My 2021 Google Pixel 6, when offline, can transcribe speech to text, and also corrects things contextually. it can make a mistake, and as I continue to speak, it will go back and correct something earlier in the sentence. What tech does Google have shoved in there that predates Whisper and Qwen by five years? And why do we now need a 1Gb of transformers to do it on a more powerful platform?

[−] pushedx 38d ago
It's the same model used for the WebSpeech API, which can operate entirely offline.

Google mostly funded the training of this model around 10 years ago, and it's quite good.

There are many websites that are simple frontends for this model which is built into Webkit and Blink based browsers. However to my knowledge the model is a blob packed into the apps which is not open source, hence the no Firefox support.

https://developer.mozilla.org/en-US/docs/Web/API/Web_Speech_...

https://www.google.com/intl/en/chrome/demos/speech.html

[−] com2kid 39d ago
Microsoft OneNote had this back in 2007 or so, granted the speech to text model wasn't nearly as advanced as they are now.

I was actually on the OneNote team when they were transitioning to an online only transcription model because there was no one left to maintain the on device legacy system.

It wasn't any sort of planned technical direction, just a lack of anyone wanting to maintain the old system.

[−] rudhdb773b 38d ago
I remember trying out some voice-to-text around 2002 that I believe was included with Windows XP.. or maybe Office?

You had to go through some training exercises to tune it to your voice, but then it worked fairly well for transcription or even interacting with applications.

[−] silon42 38d ago
OS/2 had it built in in 1996.
[−] adamsmark 39d ago
The accuracy is much lower though.

I've switched away from Gboard to Futo on Android and exclusively use MacWhisper on MacOS instead of the default Apple transcription model.

[−] dotancohen 39d ago
Any particular reason why you switched? I've been using Gboard for years, especially the text to speech in four languages. In the past few weeks, there was an update where the TTS feature is now in a separate "panel" of the keyboard, and it hardly works at all.

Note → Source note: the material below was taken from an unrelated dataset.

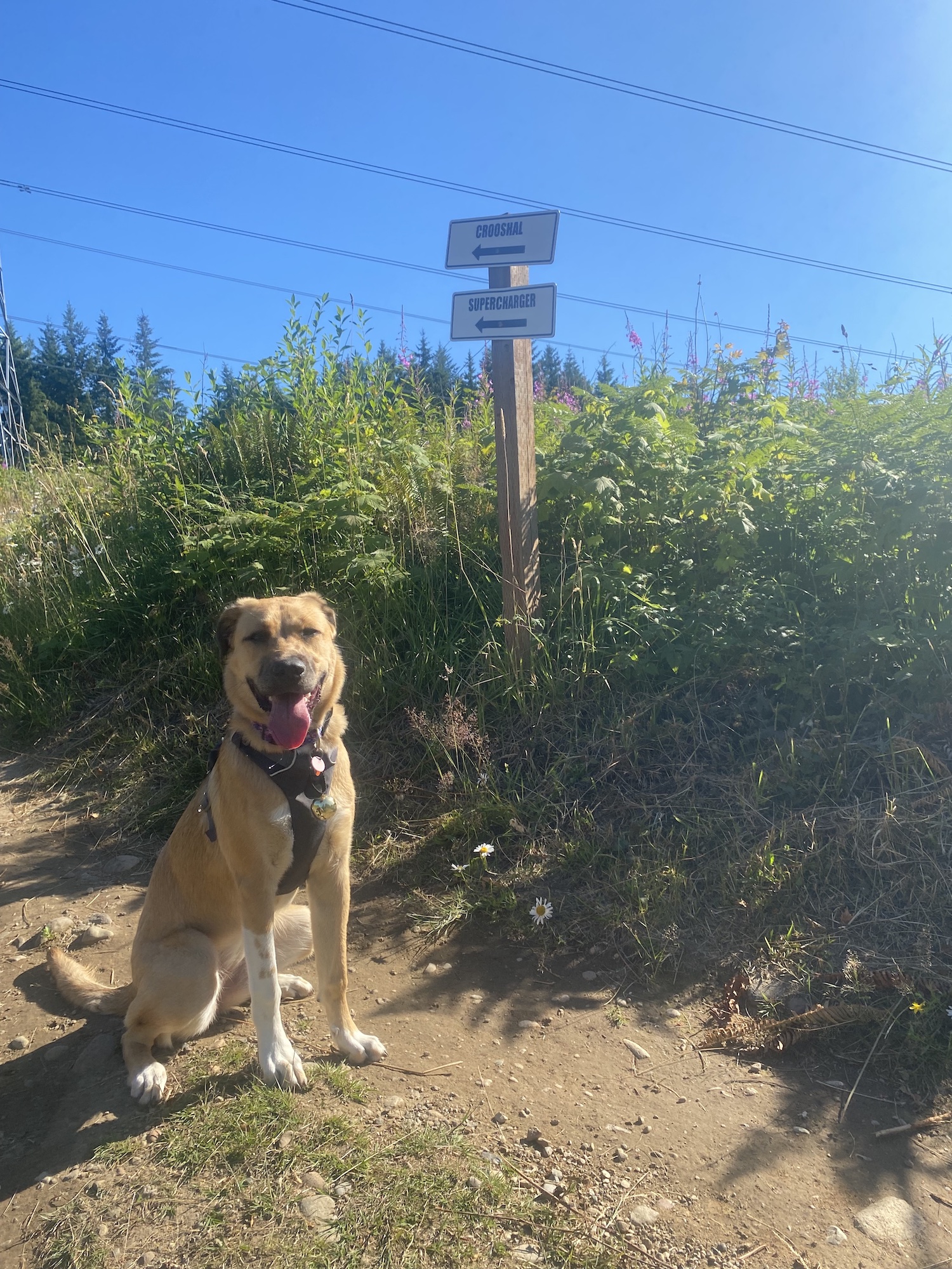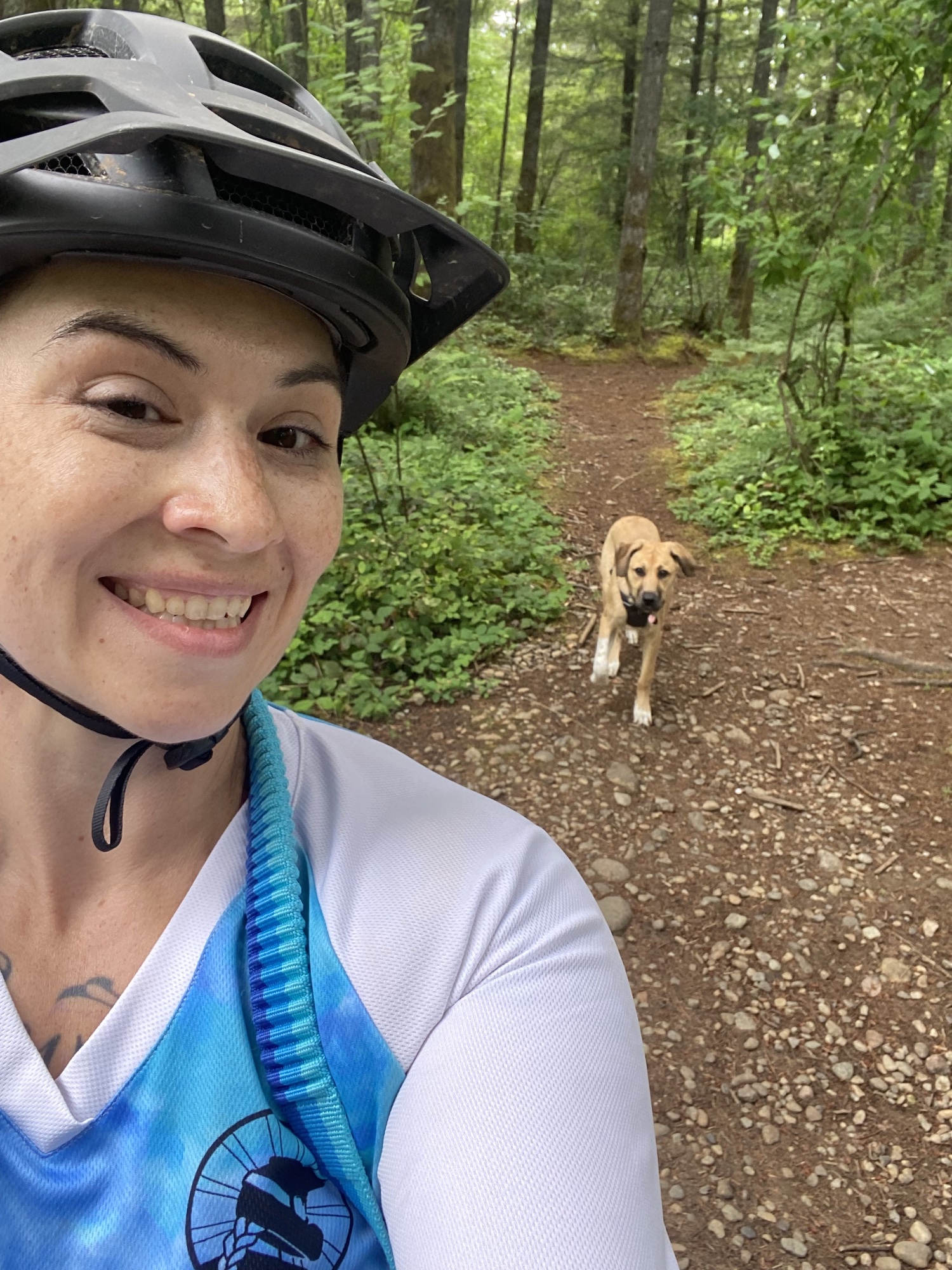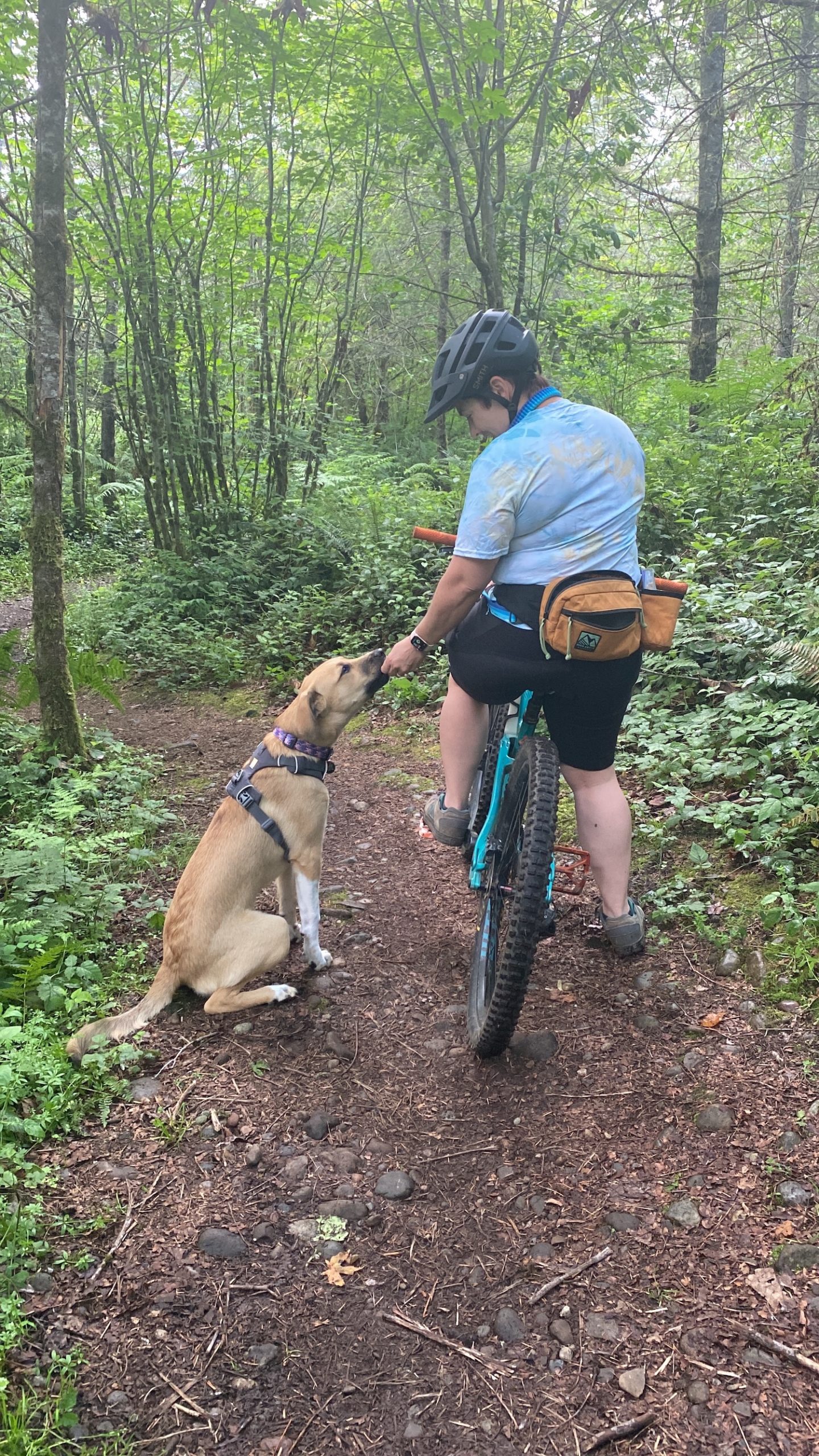 Finally, the day had come. I loaded her up and headed to the trailhead. I clipped her leash around my waist, then connected it to her harness. Off we went. She did really well for her first time. Trotted right next to my bike the entire time, only pulling away once to greet a playful golden retriever puppy.

In English and Hebrew it stops after half a dozen words, and those words must be spoken slowly and mechanically for it to work at all. Russian and Arabic are right out - I can't coax any coherent sentence out of it.

I've gone through all permutations of relevant settings, such as "Faster Voice Dictation" (translated from Hebrew,I don't know what the original English option is called). I think there used to be an option for Online or Offline transcription, but that option is gone now.

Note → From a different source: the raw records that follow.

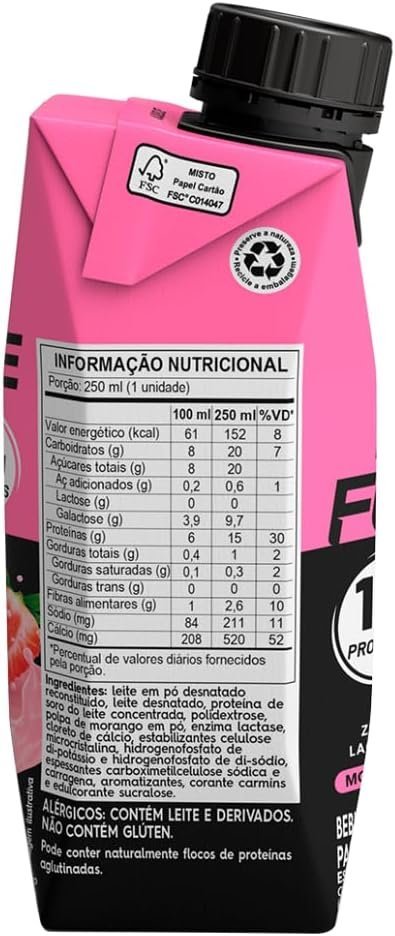 | Ingredientes | Leite em pó desnatado reconstituído, leite desnatado, soro de leite (whey) concentrado, polidextrose, polpa de morango em pó, enzima lactase, cloreto de cálcio, estabilizantes celulose microcristalina, fosfato dipotássico e fosfato dissódico, espessantes carboximetilcelulose sódica e carragena, aromatizantes, corante natural carmim de chochonilha e edulcorante sucralose. |
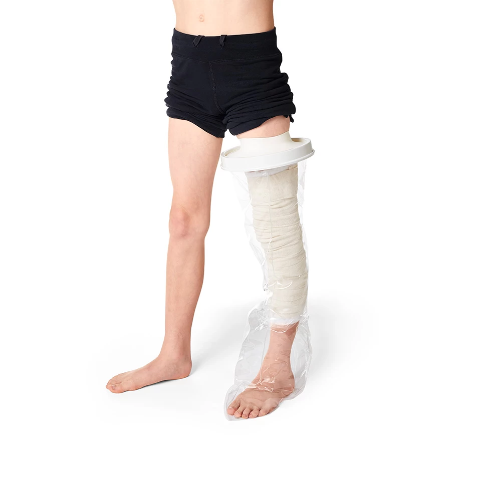 Deze douchehoes van Vitility is speciaal gemaakt voor het been van een kind. Het beschermt gips of verband tijdens het douchen. De elastische sluiting zorgt ervoor dat er geen water in de hoes kan komen. De hoes kan men gemakkelijk zelf omdoen en kan meerdere malen gebruikt worden.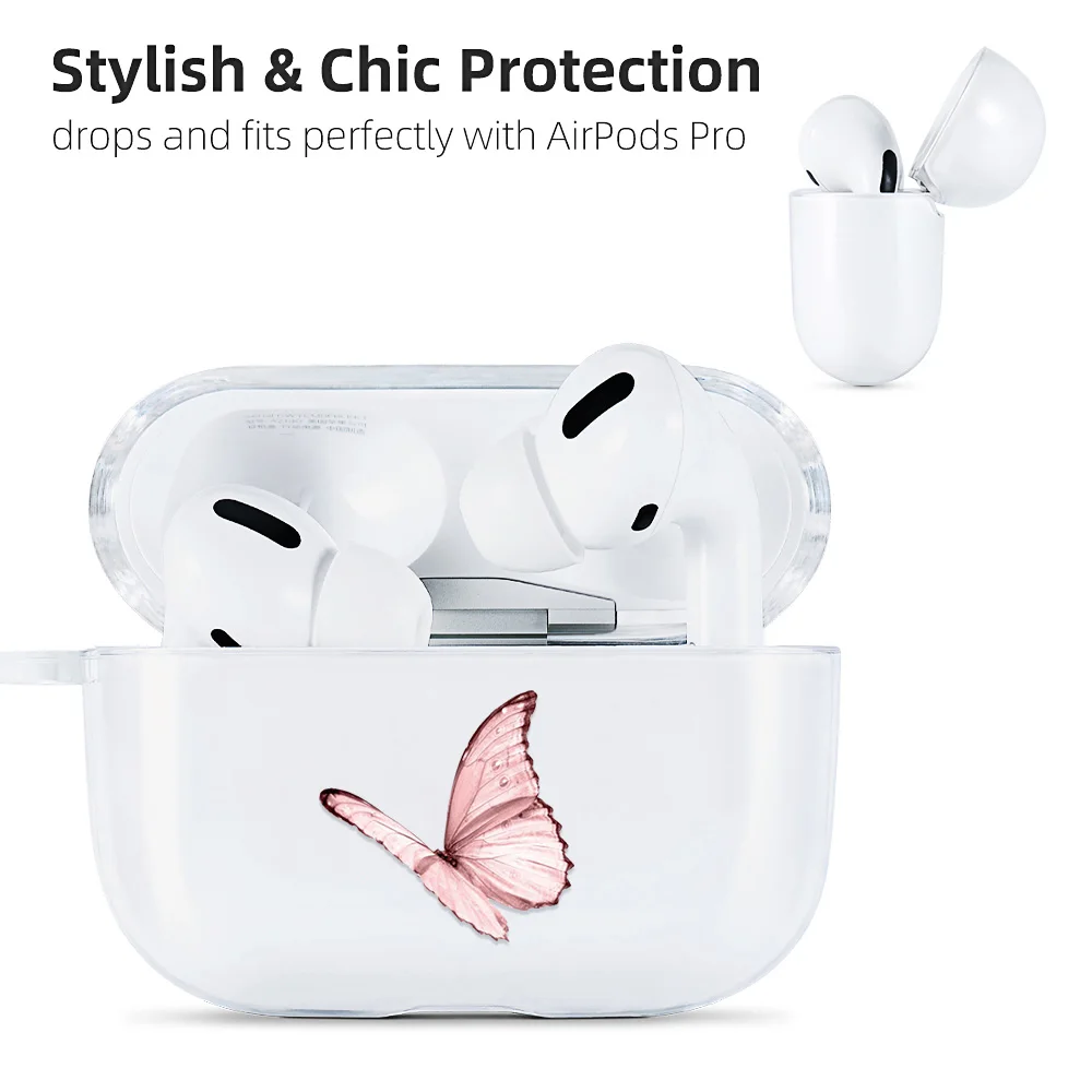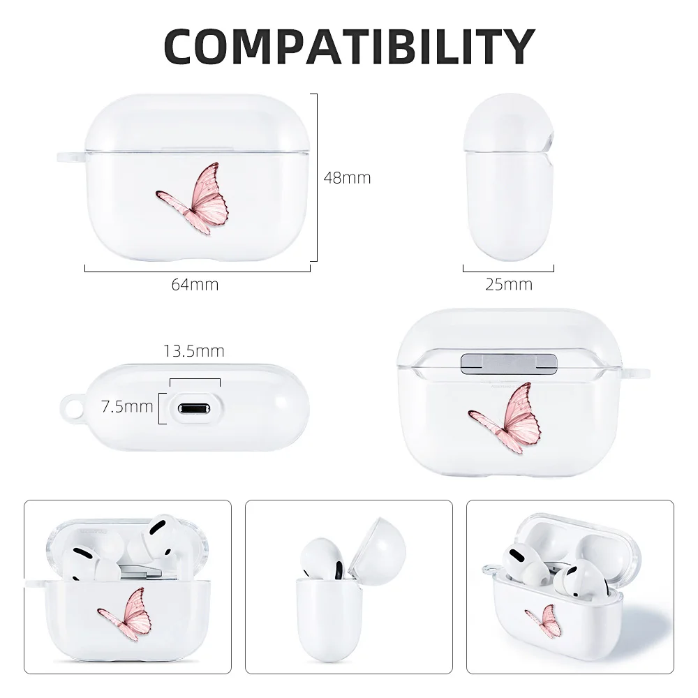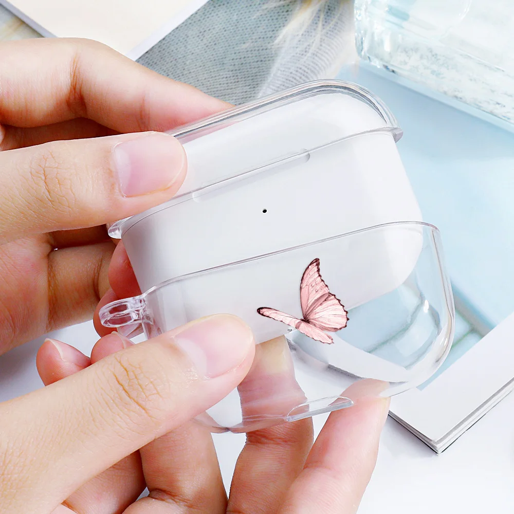 Чехол для наушников с бабочкой для Airpods 2 1, чехол, Прозрачный мягкий силиконовый чехол для наушников Airpods Pro, мягкий чехол из ТПУ с крючком

This is ridiculous - I tried to copy the version information and there is no way to copy it in-app. Let's try the S24 OCR feature...

17.0.10.880768217 release-arm64-v8a 175712590 ראשית (en_GB) 2025090100 = גרסה עדכני Primary on-device: No packs Fallback on-device: Packs: ru-RU: 200

I'll try to install the English, Hebrew, and Arabic packs, though I'm certain that I've installed them already.

[−] cootsnuck 39d ago
Interesting. My Pixel 7 transcription is barely usable for me. Makes way too many mistakes and defeats the purpose of me not having to type, but maybe that's just my experience.

The latest open source local STT models people are running on devices are significantly more robust (e.g. whisper models, parakeet models, etc.). So background noise, mumbling, and/or just not having a perfect audio environment doesn't trip up the SoTA models as much (all of them still do get tripped up).

I work in voice AI and am using these models (both proprietary and local open source) every day. Night and day different for me.

[−] taffydavid 38d ago
I've built my own tts apps testing whisper and while it's good it does hallucinate quite a bit if there's noise, or just sometimes when the audio is perfectly clear.

It often gives the illusion of being very good but I could record a half hour of me speaking and discover some very random stuff in the middle that I did not say

[−] cootsnuck 38d ago
Yup, you're absolutely right. The open source models do have their rough edges. I use NVIDIA's Parakeet v3 model a lot locally, and it will occasionally do this thing where it just repeats a word like a dozen times.
[−] artdigital 38d ago
macOS and iOS can do that to with the baked in dictation. Globe key + D on Mac
[−] dust42 38d ago
When you activate it you agree that your voice input is sent to Apple. As far as I understand this project runs fully locally. Up to you to decide for whatever suits your needs best.
[−] stingraycharles 38d ago
Where did you get from that the voice input is sent to Apple / the cloud?

As far as I understand Apple’s voice model runs locally for most languages.

Siri commands can be used for training, but is also executed locally and sent to Apple separately (and this can be disabled).

[−] angristan 38d ago
I couldn't believe it either but when you enable it the settings of macOS you get this popup:

> When you dictate text, information like your voice input and contact names are sent to Apple to help your Mac recognize what you’re saying.

[−] wat10000 38d ago
Elsewhere it says:

"When you use Dictation, your device will indicate in Keyboard Settings if your audio and transcripts are processed on your device and not sent to Apple servers. Otherwise, the things you dictate are sent to and processed on the server, but will not be stored unless you opt in to Improve Siri and Dictation."

And:

"Dictation processes many voice inputs on your Mac. Information will be sent to Apple in some cases."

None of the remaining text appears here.